Task to carry out: Beginning with the line that holds "山田電機Labiやフクヤの裏", copy every remaining line of the listing below exactly, and leave the pictures out.

Input data:
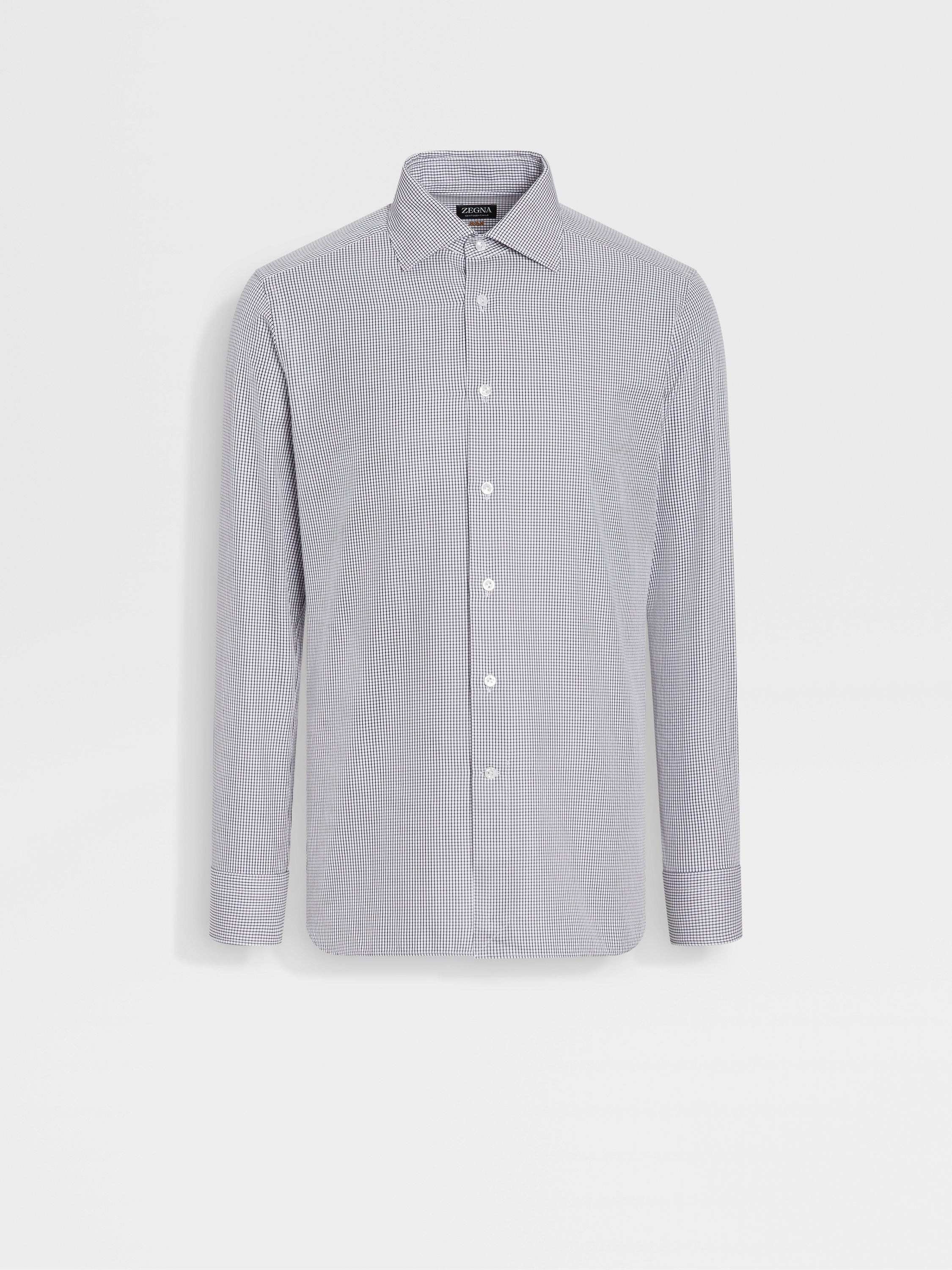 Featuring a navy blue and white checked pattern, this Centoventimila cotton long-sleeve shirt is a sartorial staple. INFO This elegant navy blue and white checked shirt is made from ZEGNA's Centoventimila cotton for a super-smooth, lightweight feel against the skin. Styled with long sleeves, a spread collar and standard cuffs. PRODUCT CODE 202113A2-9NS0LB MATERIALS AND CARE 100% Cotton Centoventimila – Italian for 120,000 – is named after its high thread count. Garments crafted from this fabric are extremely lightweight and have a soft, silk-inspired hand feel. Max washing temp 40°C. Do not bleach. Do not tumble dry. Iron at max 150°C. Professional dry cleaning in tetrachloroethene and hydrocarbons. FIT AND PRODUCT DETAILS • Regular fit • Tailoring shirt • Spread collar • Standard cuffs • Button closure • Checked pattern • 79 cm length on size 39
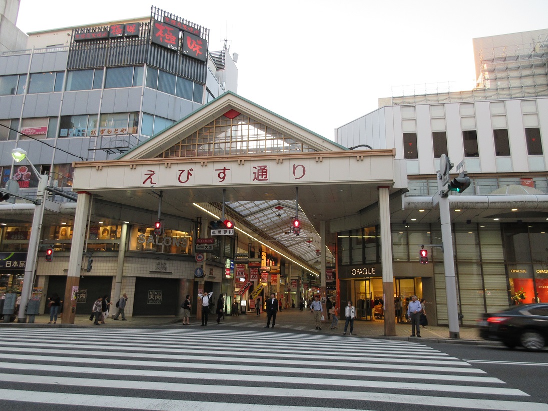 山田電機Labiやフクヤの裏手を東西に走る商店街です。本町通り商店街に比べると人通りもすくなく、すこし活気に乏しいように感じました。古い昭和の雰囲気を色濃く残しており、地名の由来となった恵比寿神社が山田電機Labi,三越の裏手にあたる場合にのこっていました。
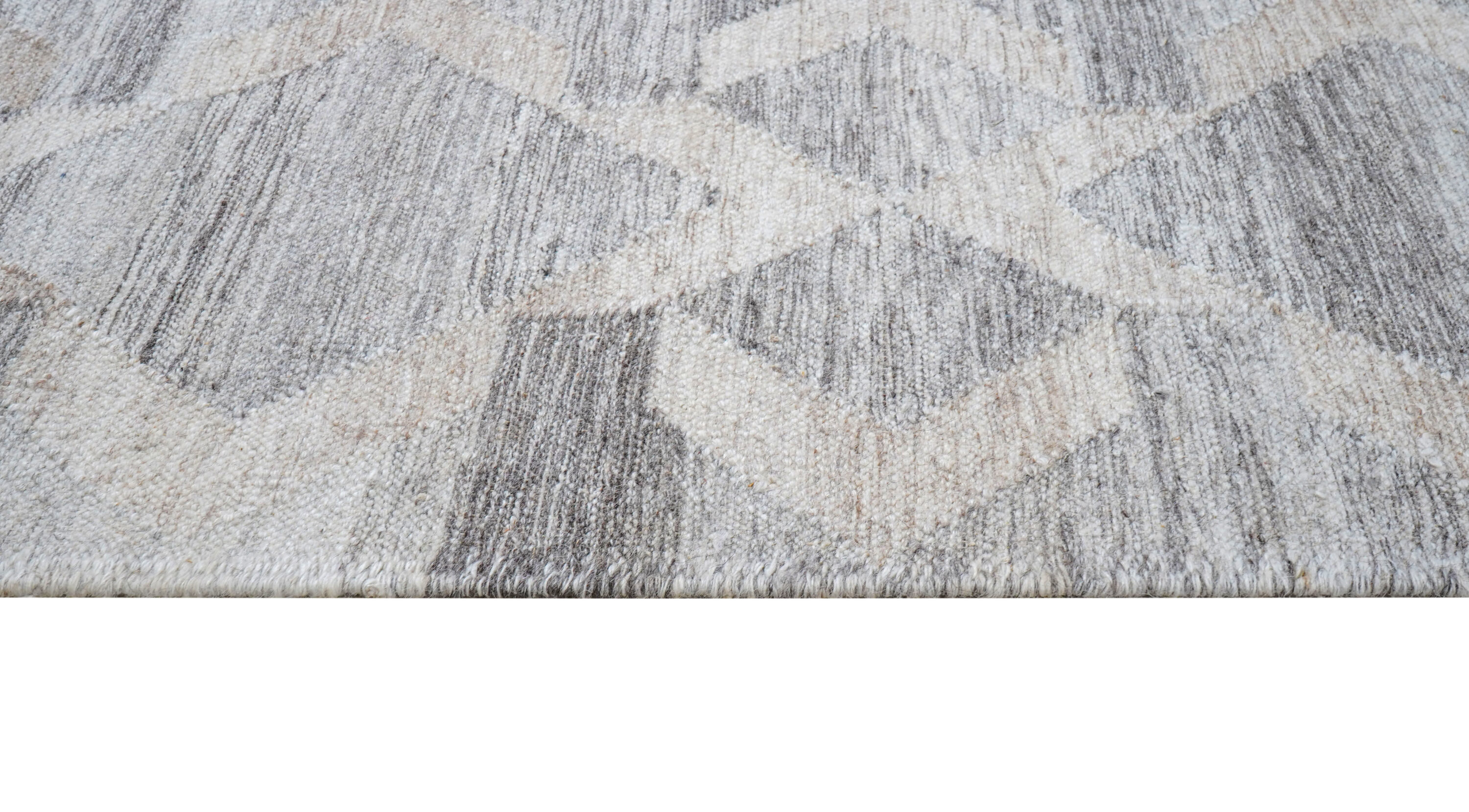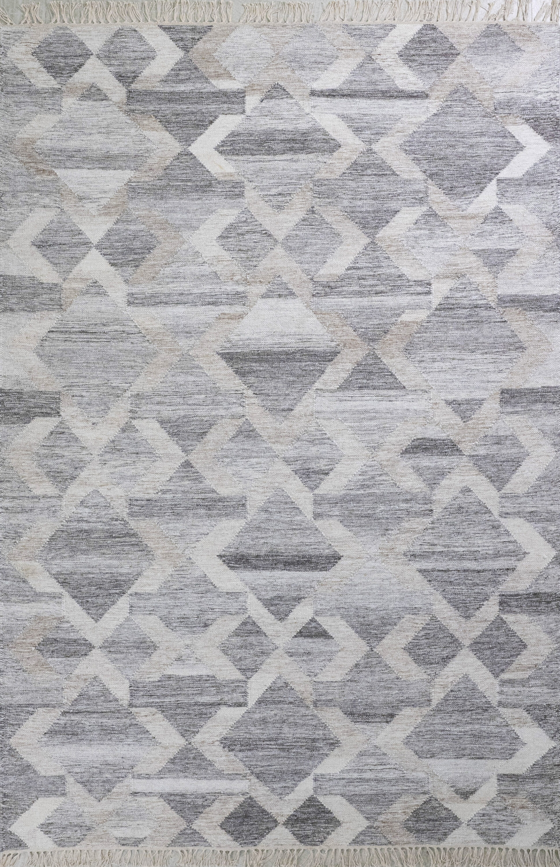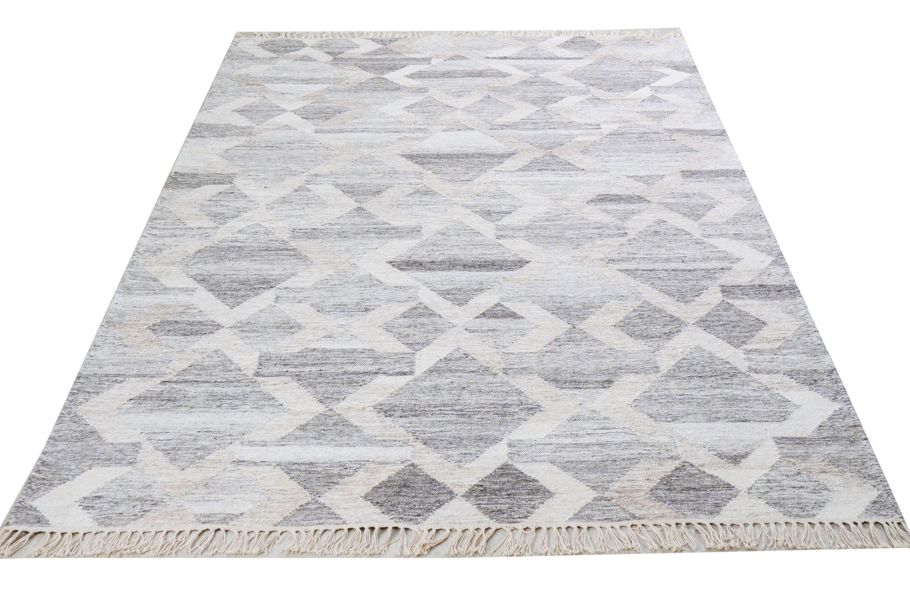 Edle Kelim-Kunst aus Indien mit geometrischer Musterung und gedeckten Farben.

Solution:
 山田電機Labiやフクヤの裏手を東西に走る商店街です。本町通り商店街に比べると人通りもすくなく、すこし活気に乏しいように感じました。古い昭和の雰囲気を色濃く残しており、地名の由来となった恵比寿神社が山田電機Labi,三越の裏手にあたる場合にのこっていました。
 Edle Kelim-Kunst aus Indien mit geometrischer Musterung und gedeckten Farben.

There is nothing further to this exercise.